What innate mechanism could potentially drive prosocial behaviors? Affective empathy constitutes a likely candidate (de Waal, 2008; Bischof-Köhler, 2012). It develops on the basis of emotional contagion—i.e., the automatic matching between one’s own emotional state and the state of the perceived other (Preston and de Waal, 2002). Notably, emotional contagion is present from birth and also found in other mammals (Dondi et al., 1999; Langford et al., 2006; Nakashima et al., 2015). When children develop a self-other distinction around the age of 15 months, they also start to be aware that shared feelings originate from the state of the other person and are able to volitionally attend to it or not—an ability that constitutes an essence of affective empathy (Preston and de Waal, 2002; Bischof-Köhler, 2012). From the age of 18 months children are also able to infer the emotional states of others not only from emotional expressions but also from situational contexts (Vaish et al., 2009), implying that from early on we possess sophisticated capabilities of affective perspective taking.
Affective empathy has been associated with other-regarding acts in many studies. First, the occurrence of various prosocial behaviors correlates with the development of a self-other distinction and, in consequence, with the development of affective empathy in children (Brownell and Carriger, 1990; Zahn-Waxler et al., 1992; Bischof-Köhler, 2012). Second, self-reported measures of affective empathy correlate with various prosocial behaviors in adults (Eisenberg and Miller, 1987). Third, observing another’s suffering is a potent motivator of other-regarding acts: rats pull levers to terminate the distress of other rats (Bartal et al., 2011), monkeys refuse to pull a lever delivering food if it also delivers electric shocks to another monkey (Masserman et al., 1964), and humans are willing to swap places with a suffering person receiving shocks (Batson et al., 1987). Finally, impairment of affective empathy may play a causal role in antisocial behavior in psychopathy (Blair, 2005; Shamay-Tsoory et al., 2010).

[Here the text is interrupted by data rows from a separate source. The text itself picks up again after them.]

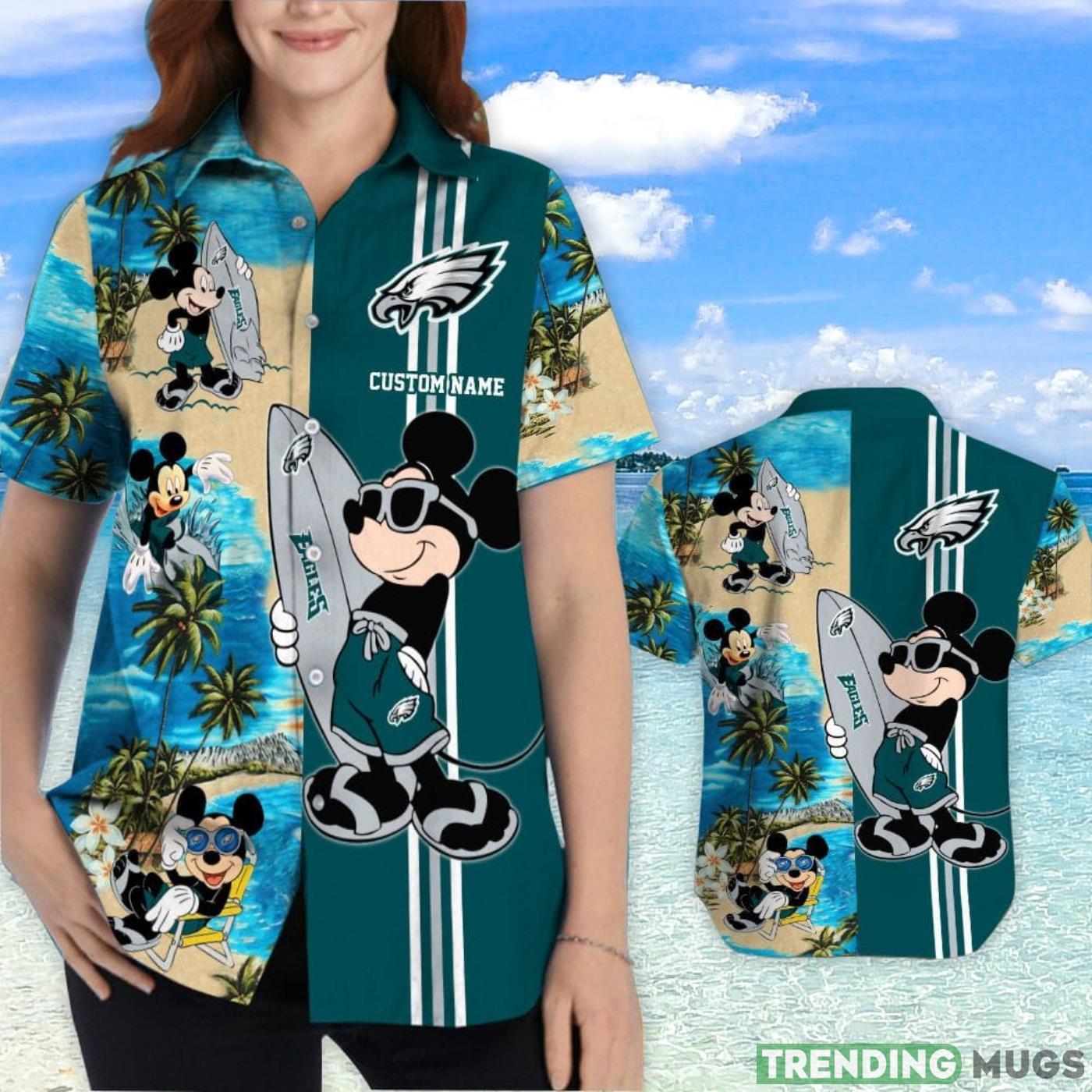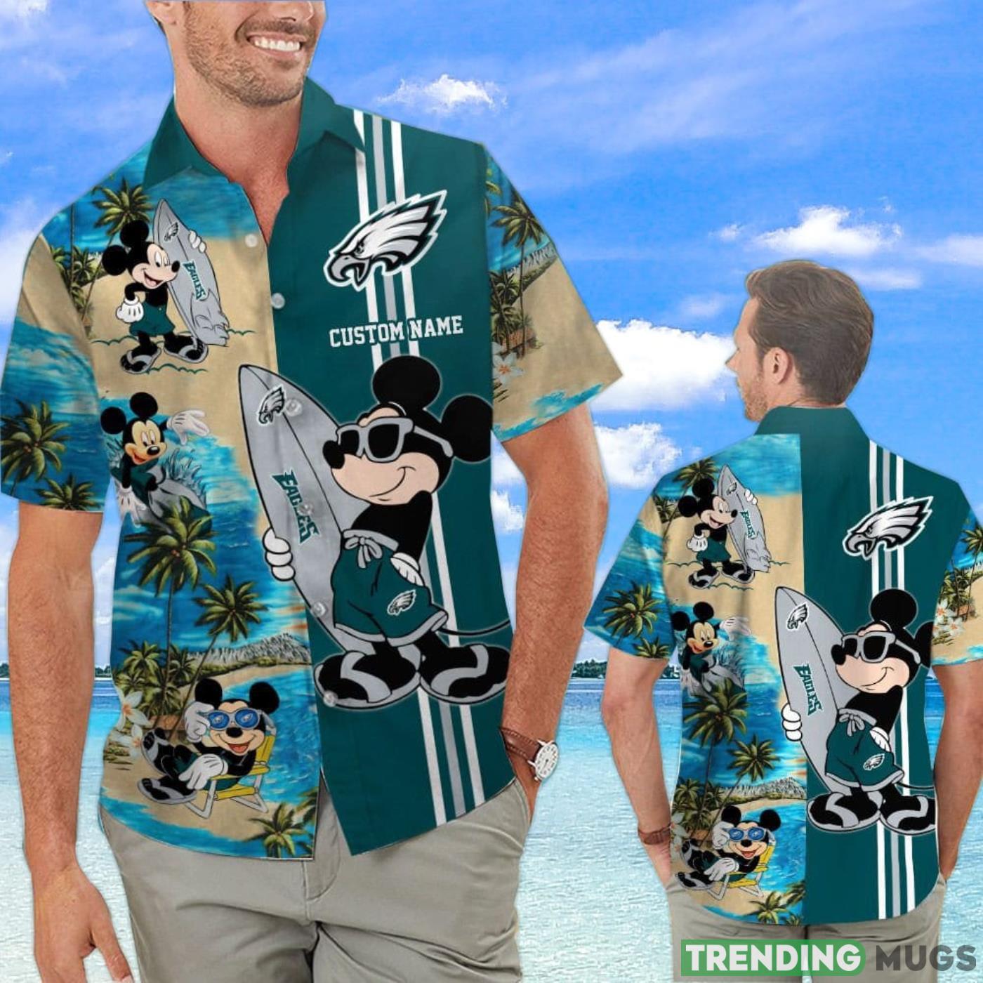 Philadelphia Eagles Mickey Surfing Lover Custom Name Hawaiian Shirt Details: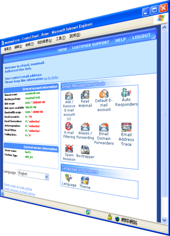 可自行设立电邮帐户、电邮别名、自动转发、电邮组别、自动回复等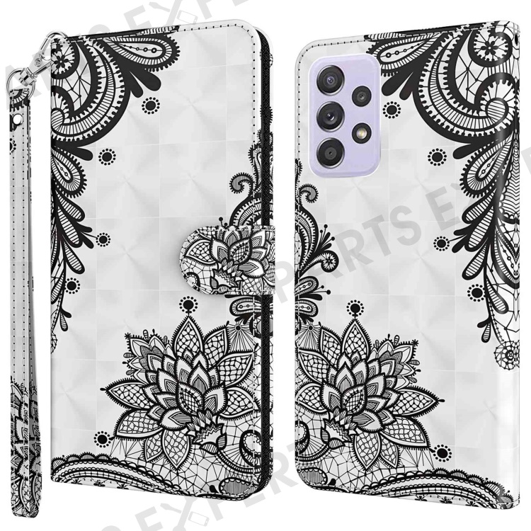 For Samsung Galaxy A23 5G (Global Version) / 4G 3D Pattern Printing Wallet Case PU Leather Magnetic Flip Stand Fully Protection Phone Cover with Strap - Lace Flower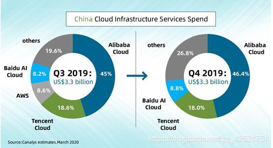 2019年第四季度,中国云计算市场规模达33亿美元,持续保持高速增长。相比上一季度,市场领头羊份额进一步扩大。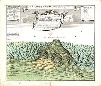 The widespread use of the name "Brocken" did not occur until towards the end of the Middle Ages. Hitherto the region had just been described as the Harz. This was primarily because, until then, the focus had been mining.[12] The first record of a placename that resembles the present name of the mountain goes back, however, to the year 1176 when it is referred to as broke in the Saxon World Chronicle (Sächsische Weltchronik).[13] Another early written reference to the mountain, this time as the Brackenberg, appears in 1490 in a letter from Count Henry of Stolberg.[14] Other early documented names of the Brocken were, in 1401, the Brockenberg, in 1424 the Brocberg, in 1495 mons ruptus (Latin), in 1511 the Brogken and Brockin, in 1531 the Brogken, in 1540 the Brokenberg and, in 1589, the Brackenberg.[15] In Old Saxon-Germanic times, a large portrait of Wodin is supposed to have been found on the Brocken. In addition, animal and human sacrifices were offered by the Saxons to their supreme god, Odin, on the blockfields of the summit until they renounced them as part of their baptismal vows when Christianity spread to the region under Charles the Great.[16]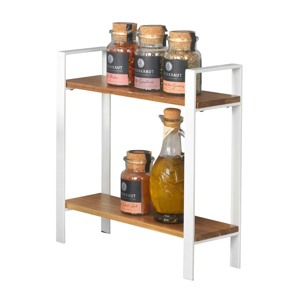 Stel je voor, geen rommel meer op je aanrecht, maar een stijlvolle en praktische opbergoplossing. Het aanrecht rek heeft een wit metalen frame dat niet alleen duurzaam is, maar ook een moderne uitstraling biedt. De bruine acaciahouten planken voegen een warme, natuurlijke touch toe die perfect past in elke keukeninrichting. Het product is beschikbaar in twee varianten, een hoekvariant en een recht; deze hebben de volgende afmetingen: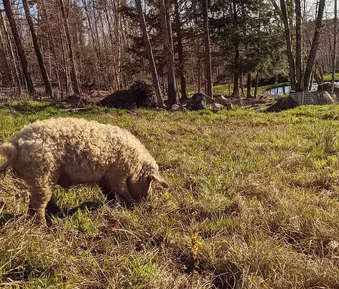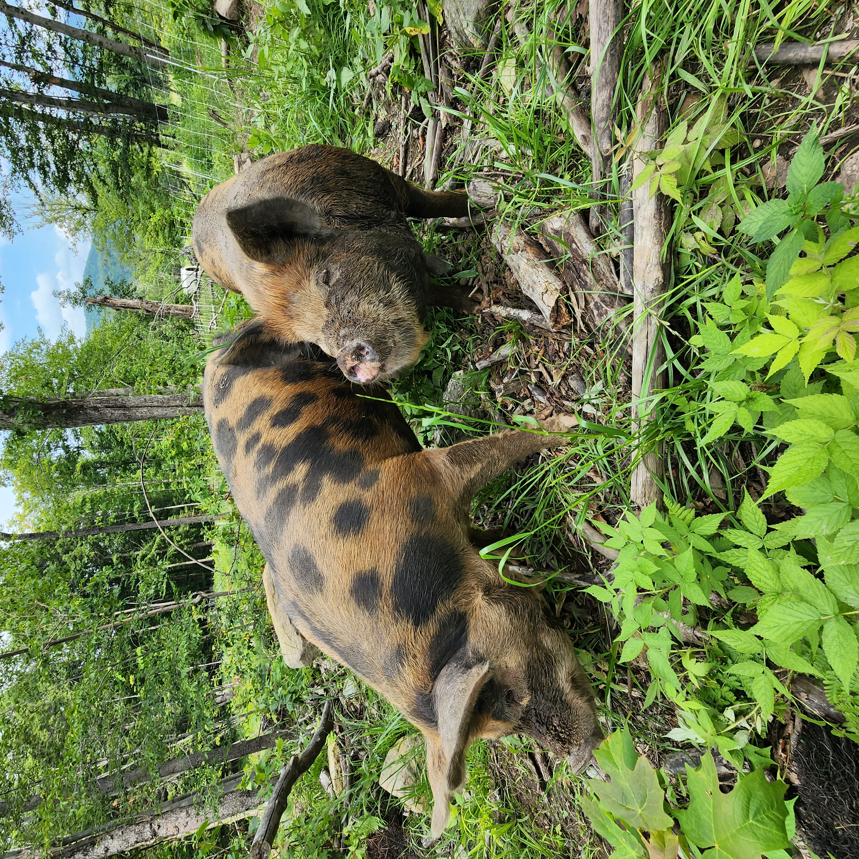 Our farm is home to a cross of two fantastic pig breeds: the Hungarian Mangalitsa and the Idaho Pasture Pig.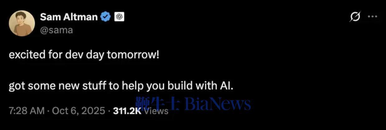 Altman写道:“为明天的开发者大会感到兴奋!有一些新东西,可以帮你用AI进行构建。”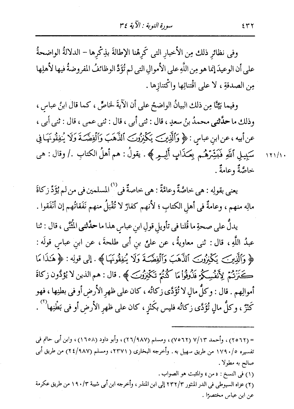 وَذَلِكَ مَا: حَدَّثَنِي مُحَمَّدُ بْنُ سَعْدٍ، قَالَ: ثني أَبِي، قَالَ: ثني عَمِّي، قَالَ ثني أَبِي، عَنْ أَبِيهِ، عَنِ ابْنِ عَبَّاسٍ: " {§وَالَّذِينَ يَكْنِزُونَ الذَّهَبَ وَالْفِضَّةَ وَلَا يُنْفِقُونَهَا فِي سَبِيلِ اللَّهِ فَبَشِّرْهُمْ بِعَذَابٍ أَلِيمٍ} [التوبة: 34] يَقُولُ: هُمْ أَهْلُ الْكِتَابِ، وَقَالَ: هِيَ خَاصَّةٌ وَعَامَّةٌ " يَعْنِي بِقَوْلِهِ: هِيَ خَاصَّةٌ وَعَامَّةٌ، هِيَ خَاصَّةٌ مِنَ الْمُسْلِمِينَ فِيمَنْ لَمْ يُؤَدِّ زَكَاةَ مَالِهِ مِنْهُمْ، وَعَامَّةٌ فِي أَهْلِ الْكِتَابِ؛ لِأَنَّهُمْ كُفَّارٌ لَا تُقْبَلُ مِنْهُمْ نَفَقَاتُهُمْ إِنْ أَنْفَقُوا. يَدُلُّ عَلَى صِحَّةِ مَا قُلْنَا فِي تَأْوِيلِ قَوْلِ ابْنِ عَبَّاسٍ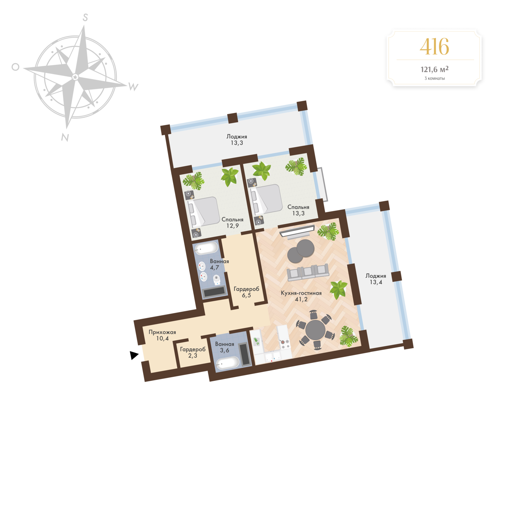 Просторный апартамент с продуманной планировкой. Окна двух спален выходят на залив, а гостиная и гостевая спальня выходят окнами на Волгу и придают этому апартаменту исключительные видовые характеристики.

Why would affective empathy promote prosocial behaviors? Feeling empathy towards a suffering individual is a source of a negative arousal and therefore other-regarding acts could be potentially driven by an instrumental motivation to eliminate it—either by bringing relief to someone or escaping from the source of distress (Cialdini et al., 1987). Consequently, habitual system should reinforce the action that lead to removal of aversive stimulus. However, humans exposed to other’s suffering are more willing to help, even when they can avoid the whole situation in an easy and costless way—which suggests that, at least in case of humans, empathy might trigger an approach rather than a withdrawal reaction (Batson et al., 1987; Stocks et al., 2009). This approach reaction is consistent with the empathy-altruism hypothesis, according to which feeling empathic concern for someone in need can evoke a genuine preference for the other’s well-being—a claim which has received solid support throughout the years (Batson et al., 1987; Batson, 2011). Importantly, dependence of this reaction on the state of empathic concern is inconsistent with the involvement of habitual system, as this system is insensitive to motivational states.
We speculate that the mechanism described by the empathy-altruism hypothesis has a Pavlovian character. More specifically, we propose that cues signaling harm or need, such as sad faces, may trigger an automatic urge to help, but only if a person is in the appropriate motivational state, that is, feels empathic concern for the other person. In line with this, 10 month old infants do not withdraw from victims of aggression, but instead show a preference for them, in comparison to both neutral objects and aggressors—an effect that might be interpreted as a rudimentary and perhaps inborn form of concern about the other’s well-being (Kanakogi et al., 2013).
Further support for the notion of a Pavlovian urge to help triggered by empathic concern comes from experiments demonstrating that inducing empathic concern can eclipse other goals and lead to maladaptive behaviors—just as in the case of the negative auto-maintenance procedure. For example, people make unfair decisions in favor of a person for whom they feel empathy, even when some other person is in greater need (Batson et al., 1995a); they unconditionally cooperate with an empathized target in the prisoner’s dilemma, even when the target has already defected (Batson and Moran, 1999; Batson and Ahmad, 2001); and they allocate more money to an empathized target, even at the cost of lower payouts for the whole group and damaging their own reputation (Batson et al., 1995b, 1999). Moreover, empathy induction in one context does not increase willingness to help the empathized target in other contexts—excluding the possibility that this procedure leads to generalized concern about other’s well-being (Dovidio et al., 1990). These examples demonstrate a Pavlovian-like inflexibility and specificity of the empathy-induced other-regarding reaction.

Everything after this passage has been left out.